IIS also supports a third auth mechanism, "Negotiate", which is based on RFC 2478. It's basically SASL inside GSSAPI. It presumably allows you to use GSSAPI-based Kerberos 5 authentication. Since this is standards-based, we could theoretically support it. However, GSS is a big mess of ASN1 encoded gunk, so it would probably really suck a lot.

Each of the three auth mechanisms can be turned on and off independently on the server (on a per-user basis even). We know that there are sites that don't allow Basic, and sites that only allow Basic.

It is possible for /exchange and /public to have different settings. (It's theoretically possible for one to allow only Basic and the other to allow only NTLM, which Connector would not like very much.)
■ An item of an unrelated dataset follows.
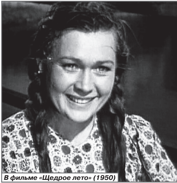
В фильме «Щедрое лето» (1950)

There are a handful of methods for which IIS does not return a 401 when it should:

POLL

207 Multi-Status with a 409 Conflict inside

BPROPPATCH

207 Multi-Status with a 401 Unauthorized inside

PUT to sendmsg URI

404 Not Found

NTLM over LDAP

Meanwhile, Active Directory (and presumably Exchange 5.5 as well) abuses LDAP auth somewhat to support NTLM. RFC 2251 says:

        BindRequest ::= [APPLICATION 0] SEQUENCE {
                version                 INTEGER (1 .. 127),
                name                    LDAPDN,
                authentication          AuthenticationChoice }

        AuthenticationChoice ::= CHOICE {
                simple                  [0] OCTET STRING,
                                         -- 1 and 2 reserved
                sasl                    [3] SaslCredentials }

        BindResponse ::= [APPLICATION 1] SEQUENCE {
             COMPONENTS OF LDAPResult,
             serverSaslCreds    [7] OCTET STRING OPTIONAL }

        LDAPResult ::= SEQUENCE {
                resultCode      ENUMERATED {
                             success                      (0),
                             ...
                             other                        (80) },
                matchedDN       LDAPDN,
                errorMessage    LDAPString,
                referral        [3] Referral OPTIONAL }

First, the client sends a BindRequest with "NTLM" for the name and an AuthenticationChoice with a tag value of 10 followed by the NTLM request packet in an OCTET STRING. The server responds with a BindResponse containing the challenge packet in the matchedDN field. The client then sends another BindRequest with no name and an AuthenticationChoice of 11 followed by the response packet, and the server (hopefully) responds with a successful BindResponse.

This is implemented in Connector by E2kGlobalCatalog.